Republicans' wrongful efforts to tilt the November vote have come into sharper focus the past few days with two divergent events.

One involves the sudden firing last week in five states - Florida, North Carolina, Colorado, Nevada and Virginia - of a Republican operative whose wide-ranging voter registration drives to beef up the GOP vote are now suspected of illegally cherry-picking Republican-leaning registrants, and trashing or rejecting the registrations of Democratic-oriented voters.

The other is the decision Tuesday by a Pennsylvania court to block implementation of the state's new strict voter photo-ID law until after the November election, on the grounds that it risks depriving too many voters of their fundamental right to vote. The ruling makes Pennsylvania the fifth state - others are Wisconsin, Texas, Ohio and New Hampshire - where a strict voter-ID law has been barred until after November over the issue of ready access to such an ID for all registered voters. (Similar laws in several other states are still under challenge.)

Neither of these events is unexpected. It's been clear for the past two years that Republican-dominated state governments, including Tennessee, have adopted stringent voter photo-ID laws and other obstacles to voter registration just to suppress voter turnout among elderly, poor or minority voters and students who lean toward Democrats.

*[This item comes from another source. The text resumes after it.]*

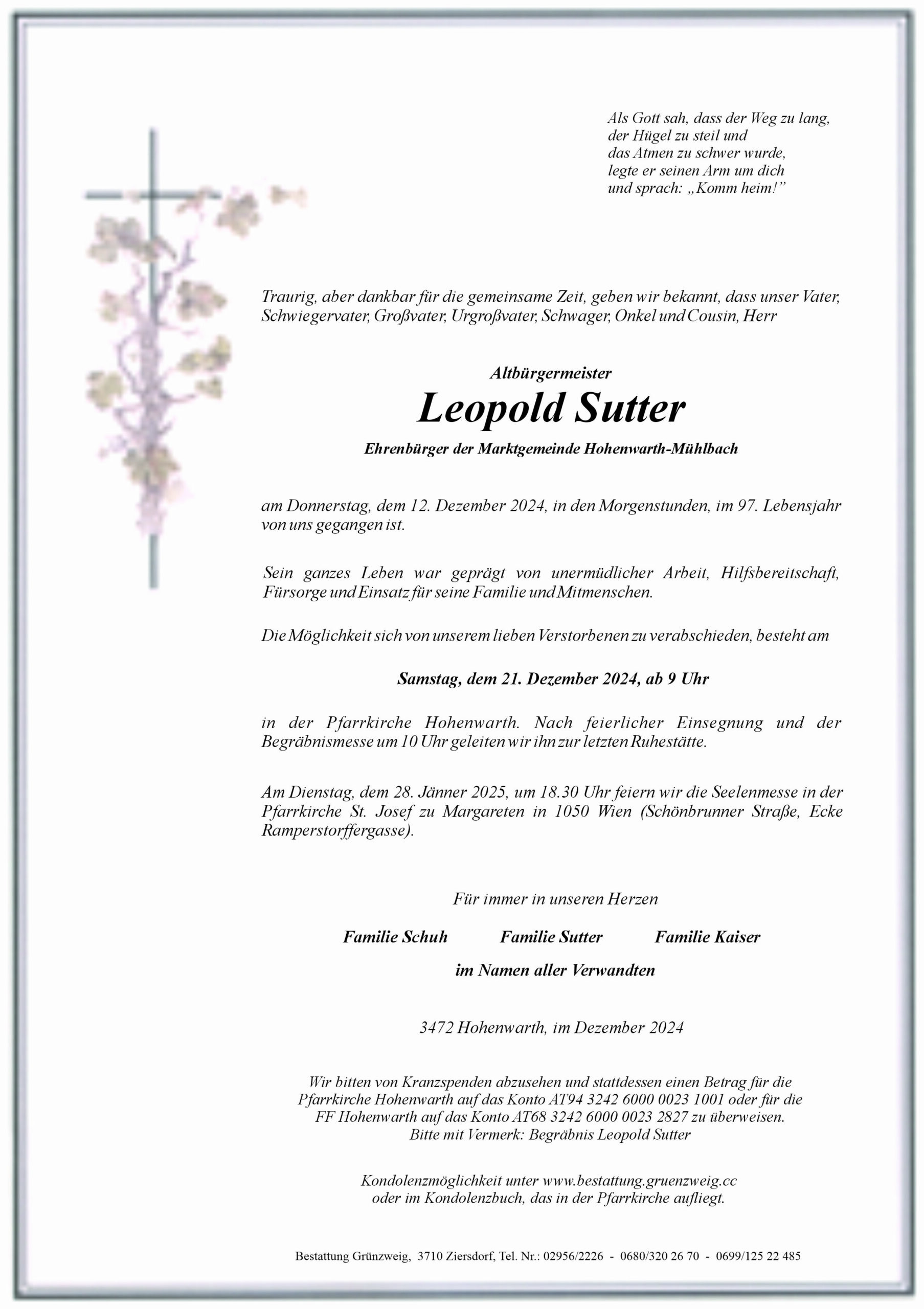 Aufrichtige Anteilnahme und tief empfundenes Mitgefühl entbieten Familie Paschinger und Schober. Herr Sutter bleibt uns immer wertgeschätzt unvergessen!

The Republican National Committee certainly knew, as well, of the controversial past of Nathan Sproul, the head of the voter registration company, Strategic Allied Consulting, they recently hired for $3 million to mount helpful voter registration drives in the five states. His prior company had been accused of fraudulent voter registration drives in Arizona in 2004 and linked to other dubious tactics.

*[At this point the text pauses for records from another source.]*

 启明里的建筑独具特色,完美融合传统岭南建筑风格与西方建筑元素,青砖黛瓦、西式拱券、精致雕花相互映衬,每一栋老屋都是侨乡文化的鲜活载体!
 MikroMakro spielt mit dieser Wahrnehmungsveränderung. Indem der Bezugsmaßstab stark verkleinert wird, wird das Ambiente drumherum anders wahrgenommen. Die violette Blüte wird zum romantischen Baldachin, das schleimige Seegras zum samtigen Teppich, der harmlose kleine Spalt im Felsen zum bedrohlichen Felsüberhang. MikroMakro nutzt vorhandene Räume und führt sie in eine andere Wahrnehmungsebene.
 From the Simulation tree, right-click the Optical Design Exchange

Republicans apparently weren't too bothered by his history. The Washington Post reported Tuesday, for example, that Sproul and firms with which he was associated had earned $21.2 million from the Republican Party and "affiliated interest groups" in the past nine years.

The blatant irony of these contradictory tactics is breath-taking. Republicans have sanctimoniously pushed the strict voter-ID laws on the grounds that they simply want to reduce voter fraud. Yet laws which require government-issued photo IDs are conditioned on documents that are often hard to obtain, and on ready access to drivers license centers that are often distant and hard to reach for elderly, minorities or the poor. At the same time, Republicans embrace a contractor to register Republican voters and wink at his alleged tactics to thwart Democratic registrants.

There are, studies show, relatively few cases of voter fraud anywhere, and hardly any of significant scale. Certainly the exceedingly low numbers of documented voter fraud are massively outweighed by the sheer number of voters who, by the millions, will not be allowed to vote in November because they yet lack ready access to the required documents and government facilities.

Less than half of Tennessee's counties have a drivers' license center, for example, and shut-ins, elderly and poor Tennesseans often have difficulty reaching them, even if they can secure the documents they need. Despite such hardships, Tennessee Gov. Bill Haslam and the state's chief election official refuse to supply county election commissions - which register voters - a photo-ID machine and authority to issue state photo ID.

The underlying issue in the voter-ID law charade is the absence of a fair and reasonable process for shifting to a photo-ID law that safeguards the right for all Americans to vote. Until the flagrant explicit partisan exploitation that Republicans have devised is overturned, the right to vote remains at risk for far too many citizens.